__What this task involves__
Could you restate word for word only the lines below from the one holding "Da quest’anno facciamo" to the one holding "The Notes tab is a", inclusive, and leave out the pictures?

Data extracts below:

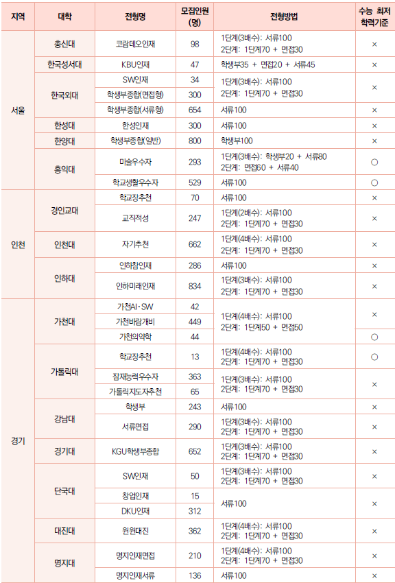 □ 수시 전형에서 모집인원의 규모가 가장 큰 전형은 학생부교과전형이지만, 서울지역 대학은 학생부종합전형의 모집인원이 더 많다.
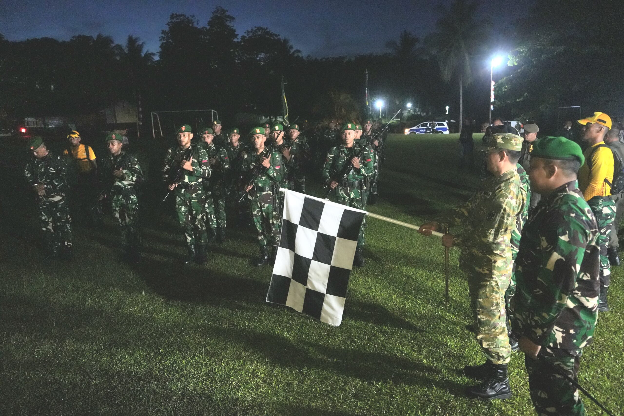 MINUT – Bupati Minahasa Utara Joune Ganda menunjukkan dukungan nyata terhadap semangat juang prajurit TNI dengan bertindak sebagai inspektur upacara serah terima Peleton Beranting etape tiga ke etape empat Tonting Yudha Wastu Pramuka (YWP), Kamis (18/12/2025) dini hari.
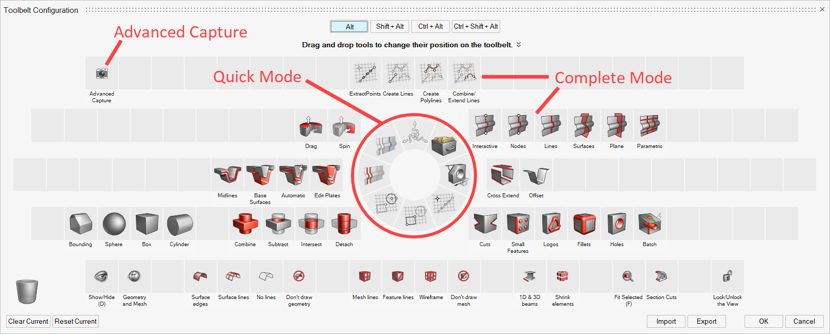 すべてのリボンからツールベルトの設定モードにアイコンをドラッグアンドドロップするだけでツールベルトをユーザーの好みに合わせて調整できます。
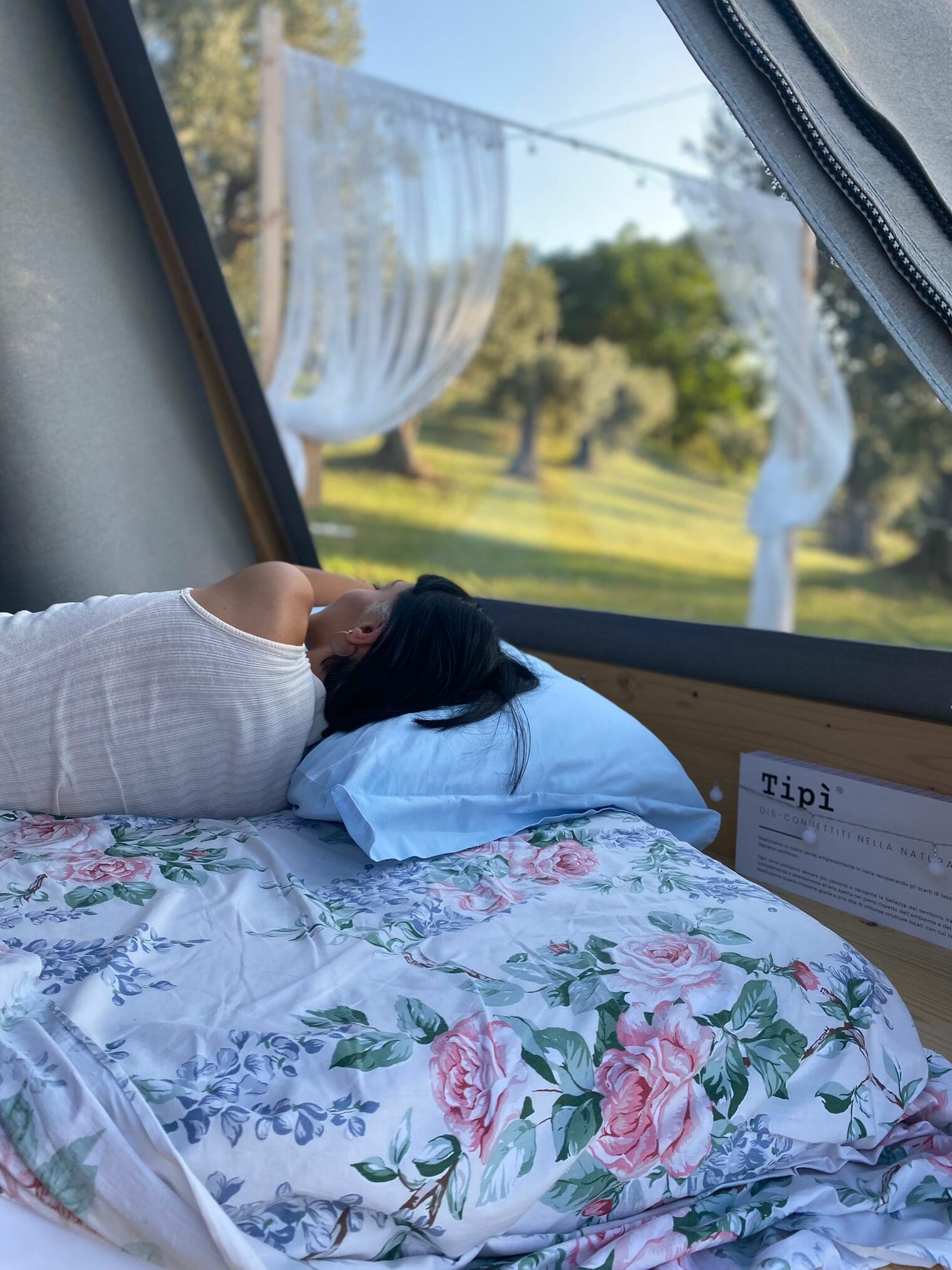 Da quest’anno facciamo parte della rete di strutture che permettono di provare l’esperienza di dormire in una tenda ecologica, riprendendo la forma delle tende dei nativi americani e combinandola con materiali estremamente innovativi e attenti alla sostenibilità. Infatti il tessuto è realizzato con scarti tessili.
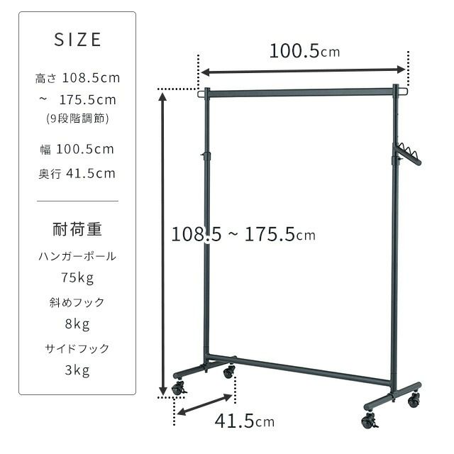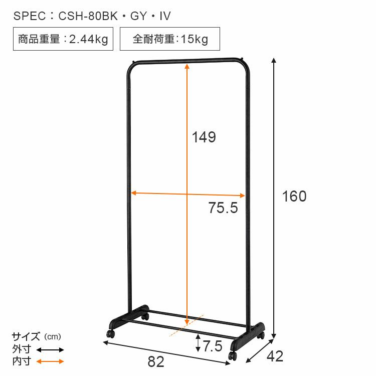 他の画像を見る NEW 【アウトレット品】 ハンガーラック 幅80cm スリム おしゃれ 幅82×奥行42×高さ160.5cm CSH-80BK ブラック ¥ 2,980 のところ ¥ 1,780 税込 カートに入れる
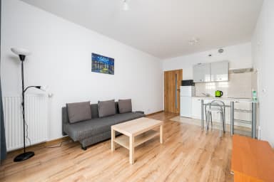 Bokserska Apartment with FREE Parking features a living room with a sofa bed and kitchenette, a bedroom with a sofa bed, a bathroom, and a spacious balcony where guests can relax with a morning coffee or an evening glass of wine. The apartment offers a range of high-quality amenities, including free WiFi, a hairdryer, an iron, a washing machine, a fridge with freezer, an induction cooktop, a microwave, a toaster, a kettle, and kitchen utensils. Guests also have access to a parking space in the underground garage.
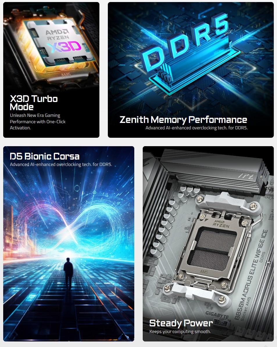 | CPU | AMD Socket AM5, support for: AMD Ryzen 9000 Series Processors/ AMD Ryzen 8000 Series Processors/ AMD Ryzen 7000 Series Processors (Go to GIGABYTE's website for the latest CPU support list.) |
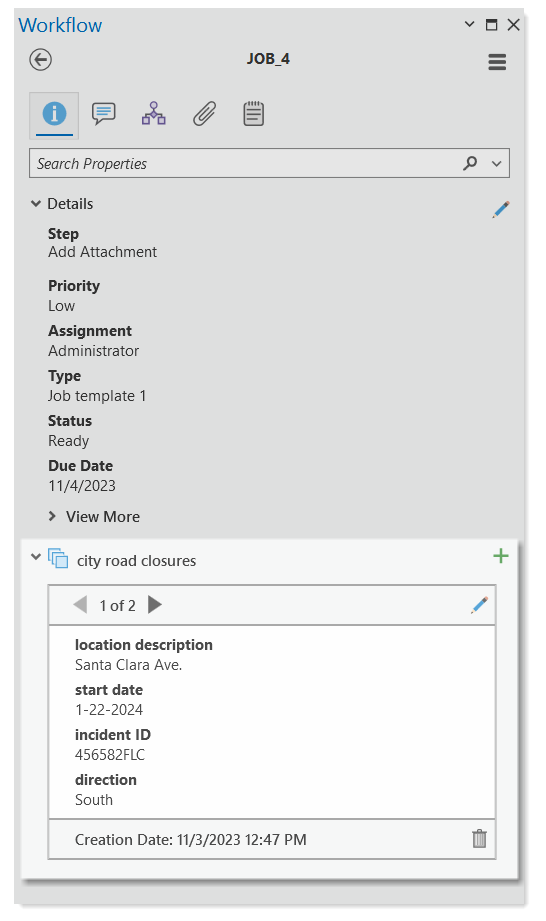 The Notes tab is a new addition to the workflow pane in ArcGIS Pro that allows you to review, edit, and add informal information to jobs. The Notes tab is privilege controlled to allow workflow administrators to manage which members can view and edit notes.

End of Data extracts.
Data extracts below:

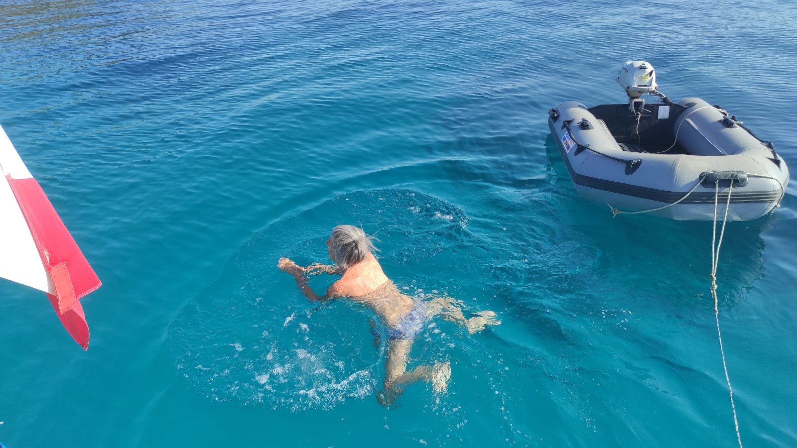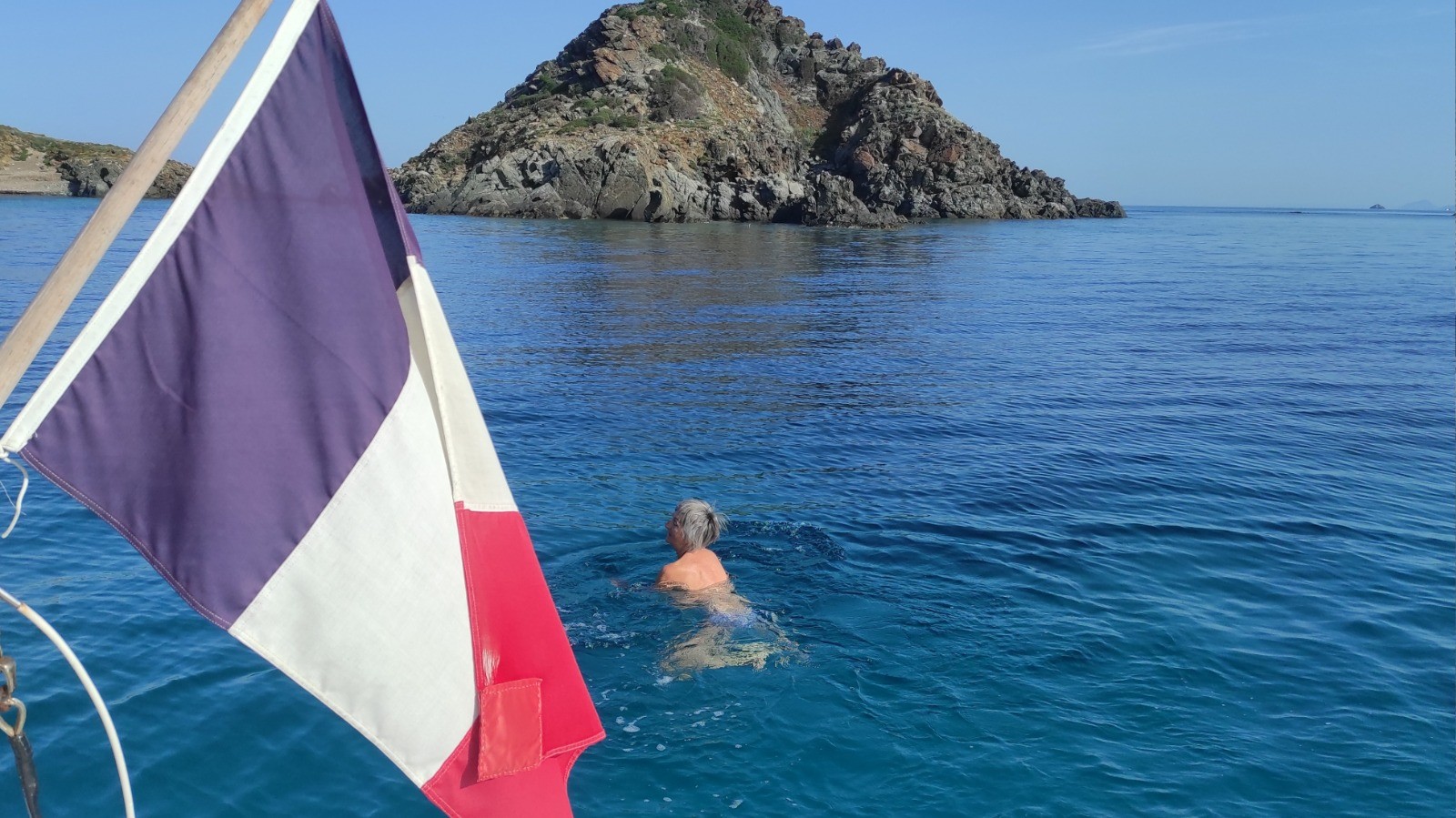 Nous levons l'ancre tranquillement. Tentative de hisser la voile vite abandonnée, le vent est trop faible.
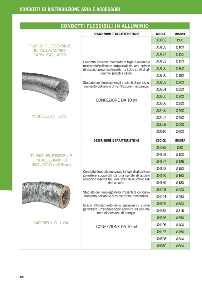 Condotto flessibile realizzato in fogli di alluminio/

End of Data extracts.

__Answer to this task__
 Da quest’anno facciamo parte della rete di strutture che permettono di provare l’esperienza di dormire in una tenda ecologica, riprendendo la forma delle tende dei nativi americani e combinandola con materiali estremamente innovativi e attenti alla sostenibilità. Infatti il tessuto è realizzato con scarti tessili.
 他の画像を見る NEW 【アウトレット品】 ハンガーラック 幅80cm スリム おしゃれ 幅82×奥行42×高さ160.5cm CSH-80BK ブラック ¥ 2,980 のところ ¥ 1,780 税込 カートに入れる
 Bokserska Apartment with FREE Parking features a living room with a sofa bed and kitchenette, a bedroom with a sofa bed, a bathroom, and a spacious balcony where guests can relax with a morning coffee or an evening glass of wine. The apartment offers a range of high-quality amenities, including free WiFi, a hairdryer, an iron, a washing machine, a fridge with freezer, an induction cooktop, a microwave, a toaster, a kettle, and kitchen utensils. Guests also have access to a parking space in the underground garage.
 | CPU | AMD Socket AM5, support for: AMD Ryzen 9000 Series Processors/ AMD Ryzen 8000 Series Processors/ AMD Ryzen 7000 Series Processors (Go to GIGABYTE's website for the latest CPU support list.) |
 The Notes tab is a new addition to the workflow pane in ArcGIS Pro that allows you to review, edit, and add informal information to jobs. The Notes tab is privilege controlled to allow workflow administrators to manage which members can view and edit notes.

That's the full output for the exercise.